Applications for jobless benefits remained high last week, even as the collapse of stimulus talks in Washington raised fears of a new wave of layoffs.

More than 804,000 Americans filed new claims for state unemployment benefits, the Labor Department said Thursday. That is up from 799,000 the week before, before accounting for seasonal patterns. Another 464,000 people applied for benefits under the federal Pandemic Unemployment Assistance program, which covers freelancers, self-employed workers and others left out of the regular unemployment system.

Utah’s unemployment numbers ticked up slightly last week, with 4,574 residents filing new claims for benefits. Of those, some 739 were self-employed workers and 1,230 were seeking extended benefits after their traditional aid ran out.

(Christopher Cherrington | The Salt Lake Tribune)

New weekly claims in Utah have been hovering in the same range since Aug. 1, well down from their highs of 33,000 in one week in early April but still far above levels seen before the pandemic. The state is currently getting 40,389 ongoing jobless claims week to week, according to new data from the Department of Workforce Services.

Utah officials launched a campaign two weeks ago to encourage those furloughed in the pandemic to look for other jobs.

Kevin Burt, director of Utah’s unemployment insurance system, said in a statement Thursday the state expected new claims to rise further in the coming weeks due to the loss of some seasonal jobs.

For the second week in a row, national unemployment reports carry a golden-state-sized asterisk: California last month announced that it would temporarily stop accepting new unemployment applications while it addresses a huge processing backlog and puts in place procedures to weed out fraud.

In the absence of up-to-date data, the Labor Department is assuming California’s claim number was unchanged from its pre-shutdown figure of more than 225,000 applications, or more than one-quarter of the national total. The state began accepting new filings this week, and is expected to resume reporting data in time for next week’s report, although it isn’t yet clear how the backlog of claims filed this week will be reflected.

While the lack of data from California makes week-to-week comparisons difficult, the larger trend is clear: After falling swiftly from a peak of more than 6 million last spring, weekly jobless claims have stalled at a level far higher than the worst weeks of past recessions.

“The level of claims is still staggeringly high,” said Daniel Zhao, senior economist at the career site Glassdoor. “We’re seeing evidence that the recovery is slowing down, whether it’s in slowing payroll gains or in the sluggish improvement in jobless claims.”

That slowdown comes as trillions of dollars in government aid to households and businesses has dried up. Prospects for a new stimulus package, already dubious in a divided Washington, collapsed outright this week when President Donald Trump said he was pulling out of negotiations.

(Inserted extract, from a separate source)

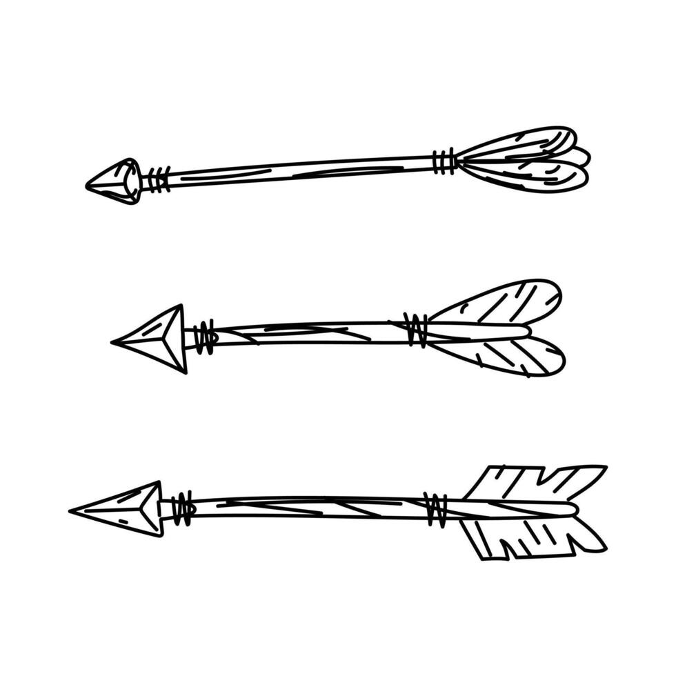 set of arrows, a Native American weapon in the style of doodles. A wooden base with a sharp tip and various feathers at the end. A handmade product. Engraving, graphics, and shading. American Indians Pro Vector
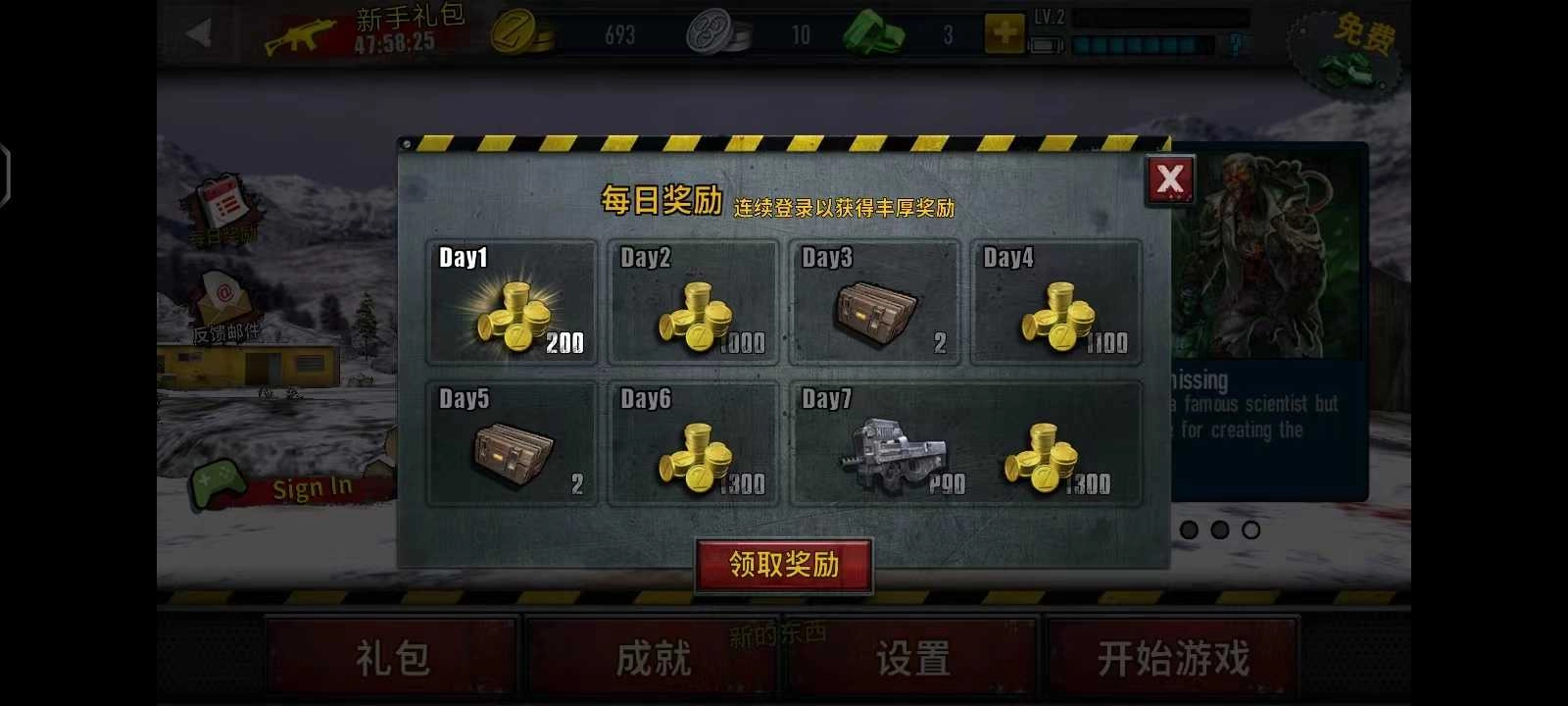 1、在主页中,玩家可以点击左边的【每日奖励】获得大量的金币,连续登录游戏奖励更加丰厚哦~

Economists warn that without more aid, layoffs will rise again. Several major corporations like the Walt Disney Co. and Allstate Corp. have announced thousands of new job cuts. And with winter weather looming, restaurants and other businesses that were able to shift operations outdoors during warmer weather could be forced to pull back anew.

Millions of people who lost jobs earlier in the crisis remain out of work, and many are starting to exhaust their financial resources. The threat is particularly acute for people receiving benefits under Pandemic Unemployment Assistance and another program created in response to the pandemic, both of which expire at the end of the year.

“It seems increasingly unlikely that we’ll have a deal before the election, and bills are due now,” Zhao said. “Every week that passes puts extra pressure on workers households and small businesses, so any delay in the stimulus is going to have a meaningful impact on Americans.”